Given information:
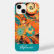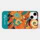 Funkyns vridning och blommigtens utformning i orange och teal. Lägg till ditt namn på grund i ett handskript.
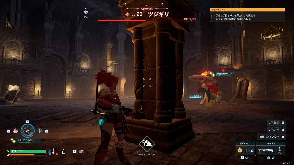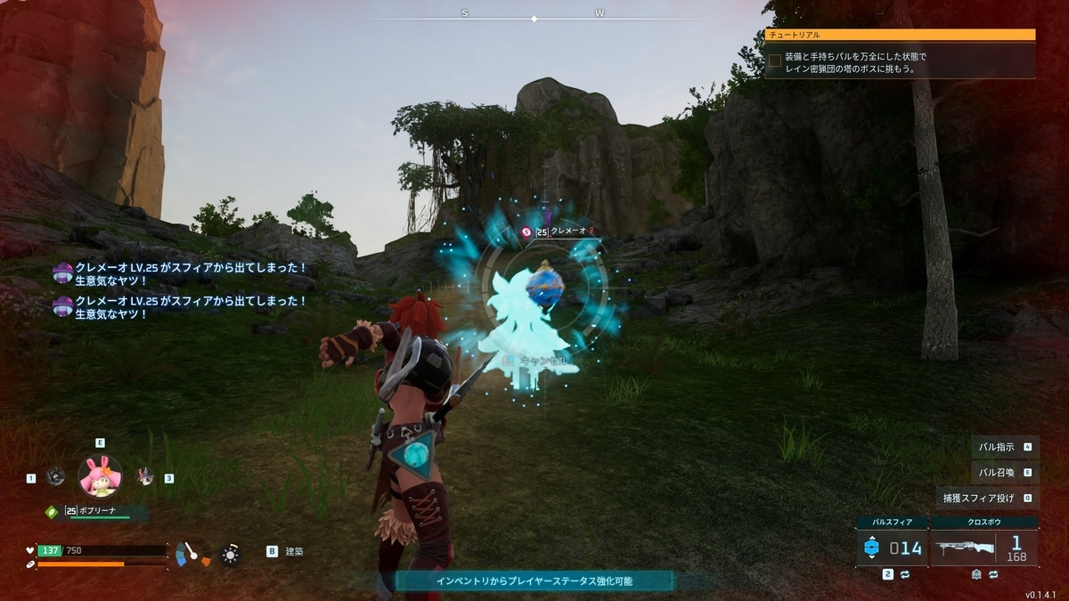 Lv25前後のパルも捕まえられるようになりました。やっとこさビーナイトの確保に成功。数撃ちゃ当たる戦法でノーマルスフィアはギリギリ使える範囲。配合牧場の準備も整ってしまったので、タマモ解雇の日も近い。採掘拠点を本格的に動かし始めたので、以降はギガスフィアをメインにパル確保することになるでしょう。
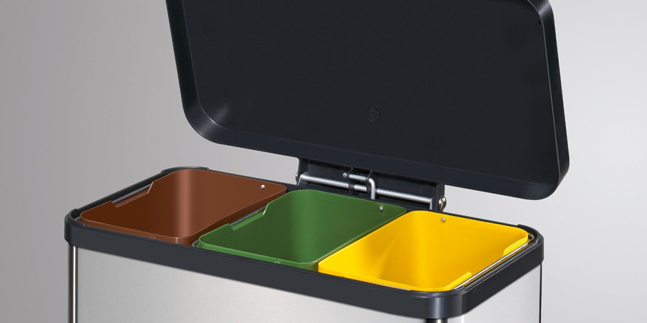 One of the latest innovations is a pedal bin with several compartments. Some manufacturers did not stay aside from the requests of anti-pollution activists and began to produce sorting containers with several departments for different types of garbage to separate waste types that can be recycled (metal objects, glass, fabrics and paper products) from unsuitable.
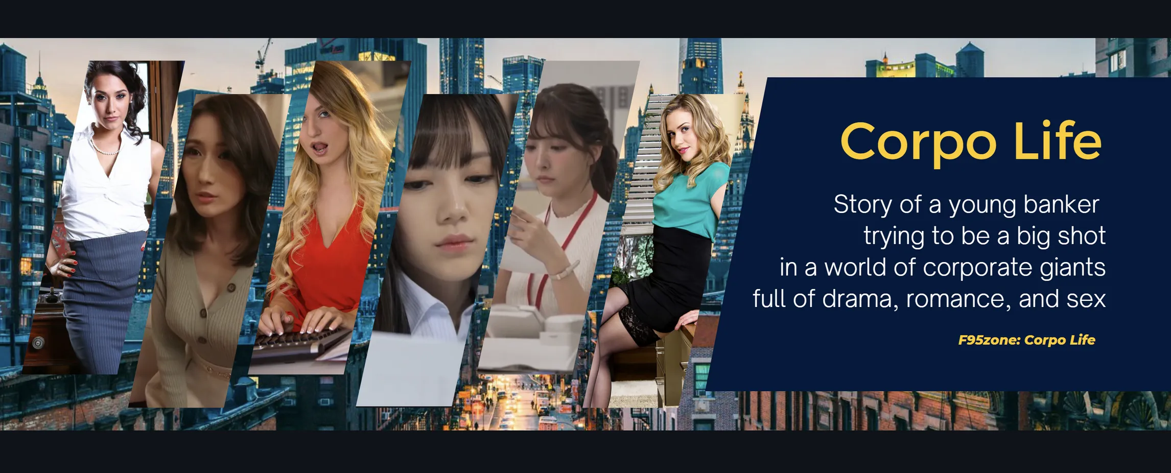 扮演华尔街一家大型银行新聘用的应届毕业生。攀登企业阶梯,成为银行中最有权势的人,并最终成为整个金融行业最有权势的人。结识漂亮的同事和企业无人机伙伴。与他们互动、交朋友和约会。如果幸运的话,您将能够结识名人、约会或与他们发生性关系。大多数扭结是亚洲女孩、办公室爱爱、JAV 和漂亮的脸蛋。
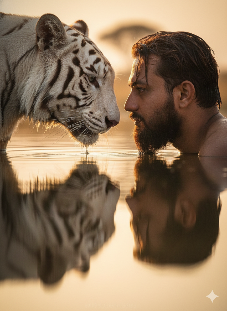 A strikingly lifelike, cinematic close-up side view of an attractive male [refer to the provided image; maintain all facial features with complete accuracy] featuring damp, brown locks, positioned next to a regal White tiger with their faces almost in contact. Both figures are partly immersed in tranquil, reflective water, forming an impeccable mirrored image beneath the water’s surface. The illumination is natural with the dramatic light of the golden hour, highlighting the details of the lioness’s coat. Powerful emotion, profound focus, high contrast, 8K photo-realistic excellence, and a shallow depth of field, a true masterpiece.
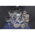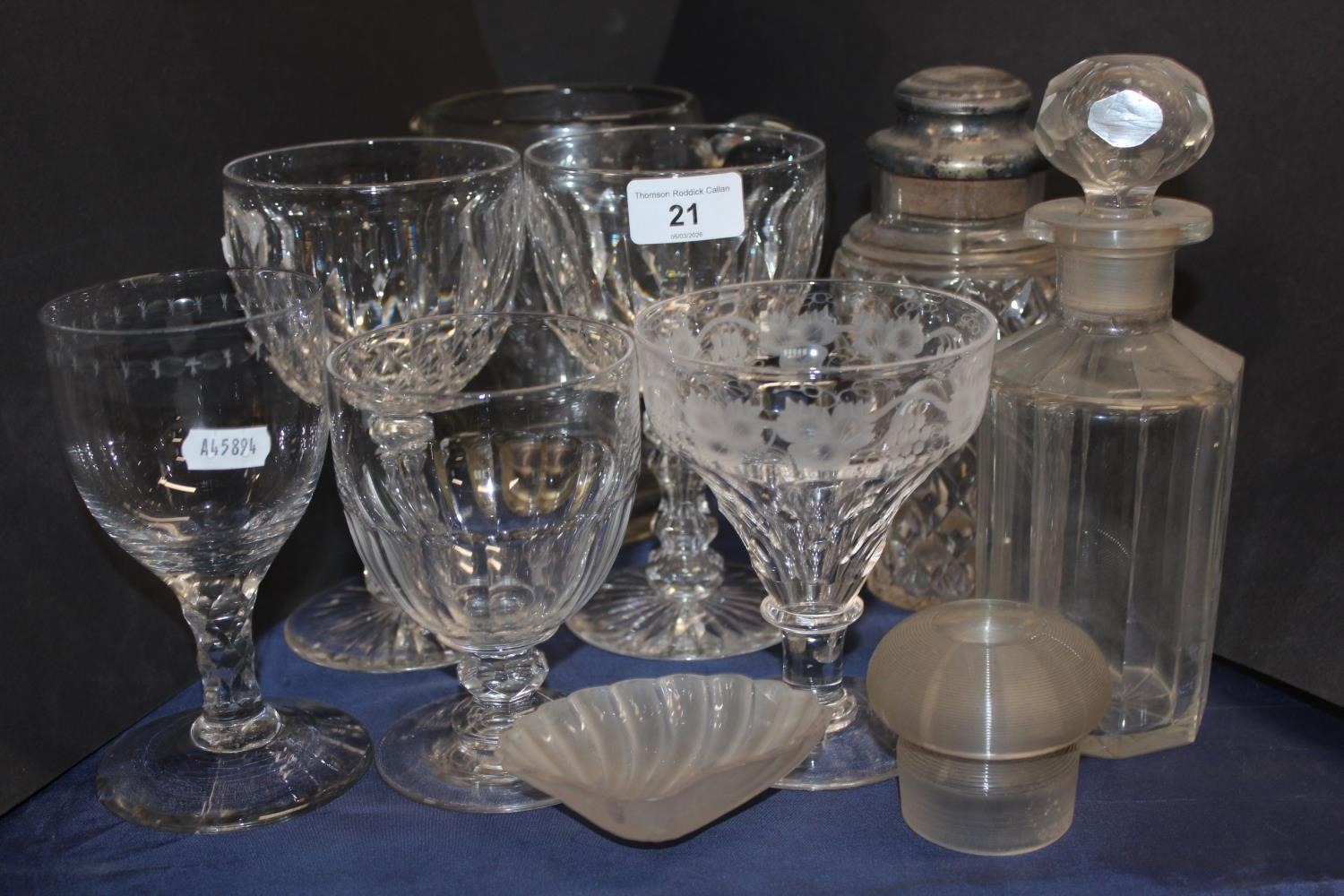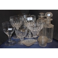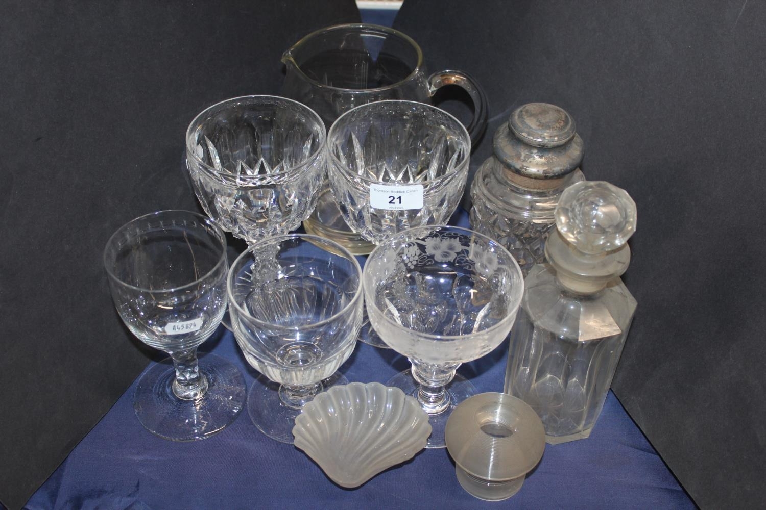 Pair of cut-glass goblets, glass rummers, a decanter, a cocktail shaker, a picture, a shell ashtray, etc.

Exercise prompt:
Leave the pictures out. Repeat every entry above exactly.

Output of the task:
 Funkyns vridning och blommigtens utformning i orange och teal. Lägg till ditt namn på grund i ett handskript.
 Lv25前後のパルも捕まえられるようになりました。やっとこさビーナイトの確保に成功。数撃ちゃ当たる戦法でノーマルスフィアはギリギリ使える範囲。配合牧場の準備も整ってしまったので、タマモ解雇の日も近い。採掘拠点を本格的に動かし始めたので、以降はギガスフィアをメインにパル確保することになるでしょう。
 One of the latest innovations is a pedal bin with several compartments. Some manufacturers did not stay aside from the requests of anti-pollution activists and began to produce sorting containers with several departments for different types of garbage to separate waste types that can be recycled (metal objects, glass, fabrics and paper products) from unsuitable.
 扮演华尔街一家大型银行新聘用的应届毕业生。攀登企业阶梯,成为银行中最有权势的人,并最终成为整个金融行业最有权势的人。结识漂亮的同事和企业无人机伙伴。与他们互动、交朋友和约会。如果幸运的话,您将能够结识名人、约会或与他们发生性关系。大多数扭结是亚洲女孩、办公室爱爱、JAV 和漂亮的脸蛋。
 A strikingly lifelike, cinematic close-up side view of an attractive male [refer to the provided image; maintain all facial features with complete accuracy] featuring damp, brown locks, positioned next to a regal White tiger with their faces almost in contact. Both figures are partly immersed in tranquil, reflective water, forming an impeccable mirrored image beneath the water’s surface. The illumination is natural with the dramatic light of the golden hour, highlighting the details of the lioness’s coat. Powerful emotion, profound focus, high contrast, 8K photo-realistic excellence, and a shallow depth of field, a true masterpiece.
 Pair of cut-glass goblets, glass rummers, a decanter, a cocktail shaker, a picture, a shell ashtray, etc.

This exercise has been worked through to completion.